- [Instructions for the task] The records that follow are to be given again exactly, with their pictures omitted.

Records from a dataset:
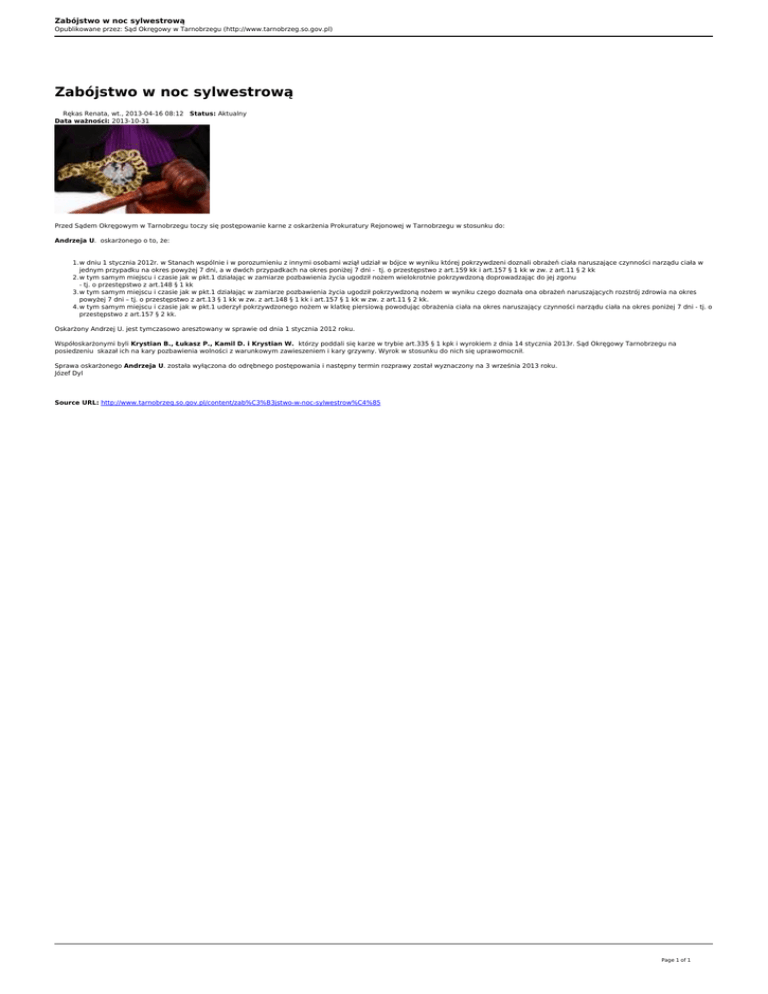 Zabójstwo w noc sylwestrową - Sąd Okręgowy w Tarnobrzegu
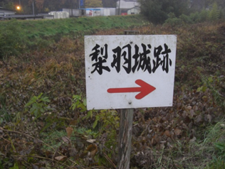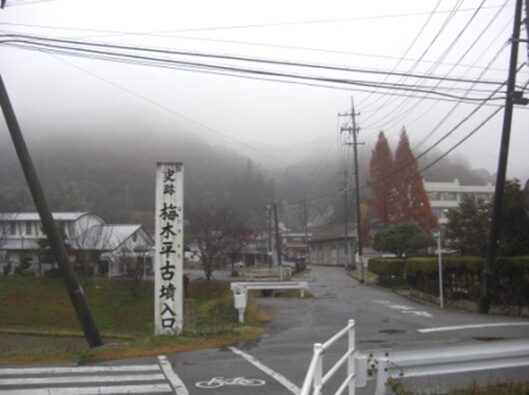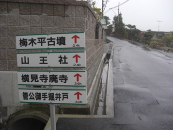 本郷中学校の西側の道を南に下り街道に戻ると、街道角に大きな「史跡 梅木平古墳入口」の看板が立つ
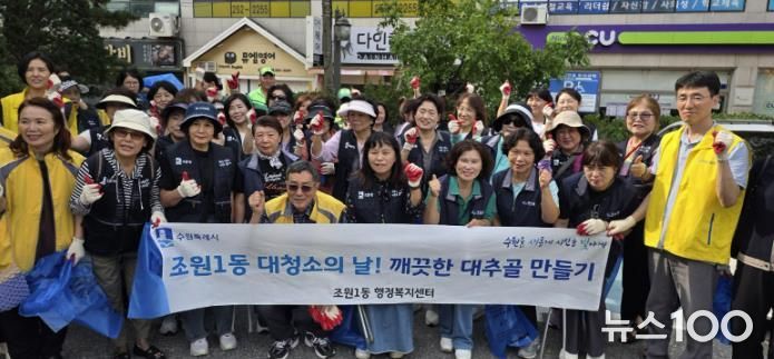 뉴스100 김동초 기자 | 수원시 장안구 조원1동은 추석과 APEC을 맞아 추진 중인 국민 참여 운동인 「대한민국 새단장」 캠페인의 일환으로 추석맞이 대청소를 실시했다.
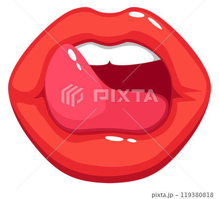 Cartoon illustration of red female lips licking, showing tongue and teeth, isolated on white background
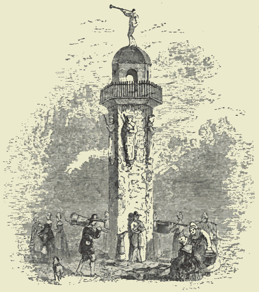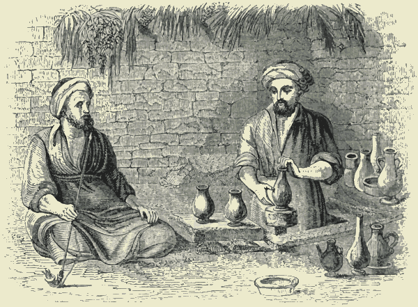 There are some occupations of the streets, however, which remain essentially the same, though the form be somewhat varied. The sellers of food are of course amongst these. "Hot peascods," and hot sheep's-feet, are not popular delicacies, as in the time of Lydgate. "Hot wardens," and "Hot codlings," are not the "cries" which invite us to taste of stewed pears and baked apples. But we have still apples hissing over a charcoal fire; and potatoes steaming in a shining apparatus, with savoury salt-butter to put between the "fruit" when it is cut; and chestnuts roasted; and greasy sausages, redolent of onions and marjoram; and crisp brown flounders; and the mutton-pie-man, with his "toss for a penny." Rice-milk, furmety, barley-broth, and saloop are no longer in request. The greatest improvement of London in our own day has been[Pg 412] the establishment of coffee-shops, where the artisan may take his breakfast with comfort, and even with luxury; where a good breakfast may be had for three-pence; where no intoxicating liquors are sold; and where the newspapers and the best periodical works may be regularly found.
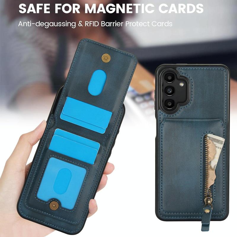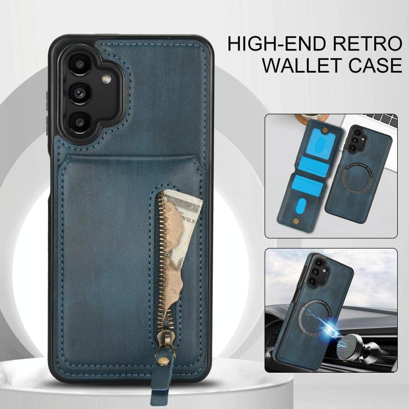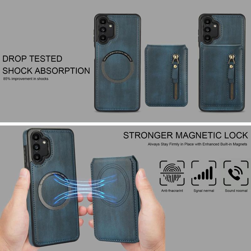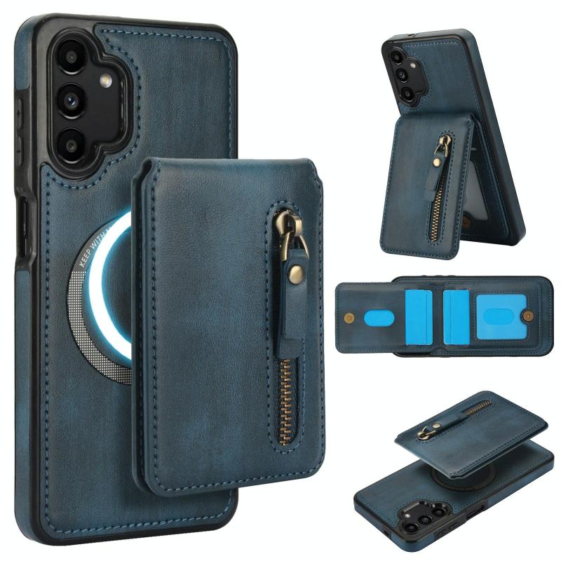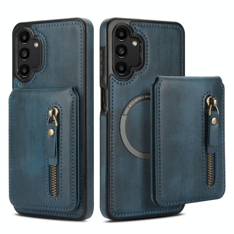 For Samsung Galaxy A13 4G / 5G Zipper Wallet Split MagSafe Leather Back Phone Case(Blue)
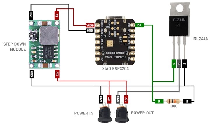 Before assembling we need to preset the voltage on the step-down converter Connect your 12v source into IN+ and IN- and set the voltage to 5v. measure it from the OUT+ and OUT-- using a multimeter. it is used to provide the necessary 5v to XIAO ESP32C3

- [Written answer]
 Zabójstwo w noc sylwestrową - Sąd Okręgowy w Tarnobrzegu
 本郷中学校の西側の道を南に下り街道に戻ると、街道角に大きな「史跡 梅木平古墳入口」の看板が立つ
 뉴스100 김동초 기자 | 수원시 장안구 조원1동은 추석과 APEC을 맞아 추진 중인 국민 참여 운동인 「대한민국 새단장」 캠페인의 일환으로 추석맞이 대청소를 실시했다.
 Cartoon illustration of red female lips licking, showing tongue and teeth, isolated on white background
 There are some occupations of the streets, however, which remain essentially the same, though the form be somewhat varied. The sellers of food are of course amongst these. "Hot peascods," and hot sheep's-feet, are not popular delicacies, as in the time of Lydgate. "Hot wardens," and "Hot codlings," are not the "cries" which invite us to taste of stewed pears and baked apples. But we have still apples hissing over a charcoal fire; and potatoes steaming in a shining apparatus, with savoury salt-butter to put between the "fruit" when it is cut; and chestnuts roasted; and greasy sausages, redolent of onions and marjoram; and crisp brown flounders; and the mutton-pie-man, with his "toss for a penny." Rice-milk, furmety, barley-broth, and saloop are no longer in request. The greatest improvement of London in our own day has been[Pg 412] the establishment of coffee-shops, where the artisan may take his breakfast with comfort, and even with luxury; where a good breakfast may be had for three-pence; where no intoxicating liquors are sold; and where the newspapers and the best periodical works may be regularly found.
 For Samsung Galaxy A13 4G / 5G Zipper Wallet Split MagSafe Leather Back Phone Case(Blue)
 Before assembling we need to preset the voltage on the step-down converter Connect your 12v source into IN+ and IN- and set the voltage to 5v. measure it from the OUT+ and OUT-- using a multimeter. it is used to provide the necessary 5v to XIAO ESP32C3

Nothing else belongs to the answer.